A verdade após a copa

Caros amigos, tenho presenciado algumas raras manifestações de bom-senso sobre a Copa no Brasil, dentre eles o Romário. Contudo a mídia, controlada a peso de anúncios comprados pelo governo, tem se alinhado em torno de um esforço subliminar idiotizante que hipnotiza a sociedade brasileira por se tratar de futebol.

Permitam-me breves digressões acerca de tal fiasco mais anunciado do que o romance de Gabriel Garcia Marquez, a Crônica da Morte Anunciada.

Senão vejamos: A FIFA sobreviveria de rendas de contribuições de torcedores ao longo do planeta descontados todo o montante que fica em cada país?

Quanto custa um estádio de futebol? Qual é um dos segmentos que mais recursos carrega na economia mundial? Construção Civil.

Quantos turistas vcs acham que chegariam ao Brasil para vinte dias de jogos? Qual seria o poder aquisitivo deles? Quanto eles, individualmente, gastariam em vinte dias? Vamos exagerar como sendo US $ 5.000, em todas atividades, hotel, restaurantes, transporte, ingressos, diversão, goods, babilaques, etc etc. Vinte dias amigos, vinte dias apenas. Quanto acham que eles aceitariam pagar em um jogo, como exemplo, Angola e Coréia do Sul  (algo neste nível) ? Cem mangos? Eles ocupariam todo estádio? Não, claro que não, teriam os brasileiros em muito maior quantidade.

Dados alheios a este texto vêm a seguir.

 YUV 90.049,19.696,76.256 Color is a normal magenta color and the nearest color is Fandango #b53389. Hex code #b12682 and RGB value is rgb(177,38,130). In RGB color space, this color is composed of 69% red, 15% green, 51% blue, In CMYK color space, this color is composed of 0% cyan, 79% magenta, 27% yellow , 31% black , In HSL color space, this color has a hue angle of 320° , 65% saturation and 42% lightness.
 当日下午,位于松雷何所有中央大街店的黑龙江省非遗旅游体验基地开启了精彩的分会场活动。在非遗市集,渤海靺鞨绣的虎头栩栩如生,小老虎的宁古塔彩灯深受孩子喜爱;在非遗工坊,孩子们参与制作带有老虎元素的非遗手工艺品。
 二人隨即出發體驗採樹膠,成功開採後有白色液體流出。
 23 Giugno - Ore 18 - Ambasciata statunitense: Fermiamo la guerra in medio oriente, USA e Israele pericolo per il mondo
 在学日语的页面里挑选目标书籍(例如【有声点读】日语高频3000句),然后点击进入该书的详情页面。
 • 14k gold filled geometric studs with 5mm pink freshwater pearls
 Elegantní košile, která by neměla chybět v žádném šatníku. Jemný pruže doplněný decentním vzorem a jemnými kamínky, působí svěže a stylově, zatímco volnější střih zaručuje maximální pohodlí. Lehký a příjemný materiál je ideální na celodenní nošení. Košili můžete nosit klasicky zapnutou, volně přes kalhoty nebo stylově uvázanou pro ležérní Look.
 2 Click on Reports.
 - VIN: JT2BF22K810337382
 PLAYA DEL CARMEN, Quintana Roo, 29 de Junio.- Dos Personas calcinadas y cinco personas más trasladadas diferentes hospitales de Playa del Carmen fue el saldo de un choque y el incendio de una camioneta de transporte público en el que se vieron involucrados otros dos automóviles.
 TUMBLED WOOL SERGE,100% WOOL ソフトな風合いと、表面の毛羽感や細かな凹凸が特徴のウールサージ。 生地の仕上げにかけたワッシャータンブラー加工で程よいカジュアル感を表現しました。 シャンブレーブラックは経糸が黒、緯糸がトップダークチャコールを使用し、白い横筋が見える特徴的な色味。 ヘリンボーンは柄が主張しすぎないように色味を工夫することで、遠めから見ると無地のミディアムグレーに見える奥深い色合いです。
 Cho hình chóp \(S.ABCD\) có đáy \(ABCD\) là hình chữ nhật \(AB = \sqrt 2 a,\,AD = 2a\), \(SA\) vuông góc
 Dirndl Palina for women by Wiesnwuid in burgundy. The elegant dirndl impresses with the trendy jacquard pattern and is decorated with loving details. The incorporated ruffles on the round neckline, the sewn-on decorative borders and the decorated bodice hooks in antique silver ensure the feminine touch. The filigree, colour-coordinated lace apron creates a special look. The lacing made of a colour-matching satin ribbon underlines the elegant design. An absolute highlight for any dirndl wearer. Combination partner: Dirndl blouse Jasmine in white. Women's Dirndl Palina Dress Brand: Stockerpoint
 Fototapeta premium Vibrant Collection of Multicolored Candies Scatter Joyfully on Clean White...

Quanto ao poder aquisitivo dos brasileiros? Considerando-se, também,  meias-entradas e isenções diversas, idosos, índios, deficientes etc etc -ainda que sejam poucos comparados ao montante maior, claro- Enfim, digamos que em 40 mil pagantes, em cinco jogos, em média, por estádio, quanto acham que seria a arrecadação final? Não percam de foco o elevadíssimo custo da construção civil dos estádios.

Vamos repensar: E quando a Copa acabasse? Quanto seria a expectativa de custo de ingresso considerando o semi-indigente poder aquisitivo do cidadão brasileiro? 



E o custo de construção e de reforma de estádios? Seriam pagos em quantos anos? Considerando-se os usos em dois dias de cada semana?

Será que ninguém vai pensar nisso não? Tirando o Romário que já se manifestou? 
Imaginem, agora, as escolhas "aleatórias" de países, para copas e olimpíadas? Já perceberam o grande negócio mundial que vem a ser uma copa? Claro que não para a sociedade que a abriga.


Enfim, segue um raro exemplo de lucidez no artigo abaixo.

A capacidade de refletir do cidadão brasileiro, inobstante ao farto acesso à informação e uso de tecnologias de ponta, vem degradando a cada ano. 






A verdade após a copa
Simon Kuper

Aconteceu há cerca de um mês na África do Sul e forneceu um presságio de como terminarão a Copa de 2014 e a Olimpíada 2016, no Brasil. Num sábado gelado em Johannesburgo, dezenas de autoridades brasileiras estavam em um centro de convenções chique, para ouvir representantes sul-africanos explicar como é, realmente, sediar uma Copa - nas palavras de um dos sul-africanos, para ouvir sobre "alguns dos cortes e contusões que sofremos".

Os brasileiros ouviram coisas pouco animadoras. Talvez a mais desanimadora tenha vindo de uma senhora (cujo nome não citarei), alta funcionária de Gauteng, a Província onde fica Johannesburgo. Ela contou que, no início de 2009, analisou o impulso econômico projetado que a África do Sul vinha dizendo a seus cidadãos que a Copa traria ao país. Ela olhou e não encontrou quase nada.

A África do Sul vinha dizendo (como está dizendo o Brasil agora) que o Mundial aumentaria o turismo, geraria empregos, levaria à construção de infraestrutura útil e assim por diante. O que ela percebeu em 2009 foi que: "[A Copa] não nos traria os benefícios que tínhamos dito ao país que nos traria". É verdade que o torneio melhoraria um pouco o transporte público de Johannesburgo, mas "não tanto quanto pensávamos".

E assim, mais de um ano antes do pontapé inicial, Gauteng deixou de lado as esperanças de um reforço econômico. Em vez disso, passou a enxergar a Copa do Mundo como exercício de "branding" -"praticamente um comercial de 30 dias de duração de Gauteng". E isso foi tudo o que ela mostrou ser, disse a senhora aos brasileiros.

Perguntei a ela por que todo o tão divulgado reforço econômico não chegara a acontecer. Novamente ela foi franca. "Se você analisar as pesquisas sobre megaeventos, todas as conclusões são que os retornos econômicos são altamente inflados por pessoas que esperam lucrar com os eventos." É por isso que consultorias contratadas pelo governo brasileiro para "estimar" (ou adivinhar) o reforço econômico que o Brasil terá com sua Copa e sua Olimpíada escrevem relatórios tão otimistas.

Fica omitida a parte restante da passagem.